Fix \(0<\alpha _0<\alpha _1\). By Lemma 7.5, for any \(\kappa _1<\kappa _c(\alpha _1)\), \(\kappa _0 = \sqrt{\frac{\alpha _0}{\alpha _1}}(1+\kappa _1) - 1\le \kappa _c(\alpha _0)\). Thus,

$$\begin{aligned} 0\le \kappa _c(\alpha _1) - \kappa _c(\alpha _0)\le \frac{1 + \kappa _c(\alpha _1)}{\sqrt{\alpha _1}}\cdot (\sqrt{\alpha _1} - \sqrt{\alpha _0}) \le \frac{1 + \kappa _c(\alpha _0)}{2\alpha _0}\cdot (\alpha _1 - \alpha _0). \end{aligned}$$

\(\square \)

8 Open problems

  • For \(d=3\), does the limit \(\lim \nolimits _{n\rightarrow \infty }\frac{1}{\log n}\log \mathbb {P}[0\overset{\mathcal {L}_{\alpha }}{\longleftrightarrow }\partial B(0,n)]\) exist? Note that if the limit exists, it must depend on \(\alpha \) by Theorems 1.3 and 1.5. Assume that the limit exists and equals \(-c(\alpha )\). Does the limit \(\lim \nolimits _{n\rightarrow \infty }n^{c(\alpha )}\mathbb {P} [0\overset{\mathcal {L}_{\alpha }}{\longleftrightarrow }\partial B(0,n)]\) exist? What is the value of \(c(\alpha )\)? Conditionally on \(0\overset{\mathcal {L}_{\alpha }}{\longleftrightarrow }\partial B(0,n)\), is the typical loop distance between \(0\) and \(\partial B(0,n)\) of order \(\log n\)?
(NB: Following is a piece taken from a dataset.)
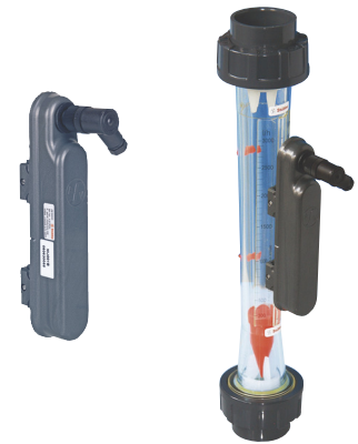
Débitmètre équipé du transmetteur 4-20mA ZE3000

Pour le montage de plusieurs débitmètres observer une distance >200mm pour DFM 165 à 200 >400mm pour DFM 350

  • For \(d=4\), does \(\mathbb {P}[0\overset{\mathcal {L}_{\alpha }}{\longleftrightarrow }\partial B(0,n)]\) equal \(n^{-2}\) up to some multiplicative factor of power of \(\log n\)? If so, does the power of the logarithm depend on \(\alpha \)? Conditionally on \(0\overset{\mathcal {L}_{\alpha }}{\longleftrightarrow }\partial B(0,n)\), is the typical loop distance between \(0\) and \(\partial B(0,n)\) of order \(\log \log n\)?

  • For \(d\ge 5\), do the limits \(\lim \nolimits _{n\rightarrow \infty }n^{d-2}\mathbb {P} [0\overset{\mathcal {L}_{\alpha }}{\longleftrightarrow }\partial B(0,n)]\), \(\lim \nolimits _{||x||\rightarrow \infty }||x||^{2(d-2)}\mathbb {P} [0\overset{\mathcal {L}_{\alpha }}{\longleftrightarrow }x]\), \(\lim \nolimits _{n\rightarrow \infty }n^{\frac{d}{2} - 1}\mathbb {P}[\#\mathcal {C}_{\alpha }(0) > n]\) exist?

  • For \(d\ge 3\), is \(\alpha _{1}= \alpha _c\)?

  • For \(d=5\), is \(\alpha _{\#}=\alpha _c\)? By Proposition 5.10 this would imply also that \(\alpha _{1}= \alpha _c\).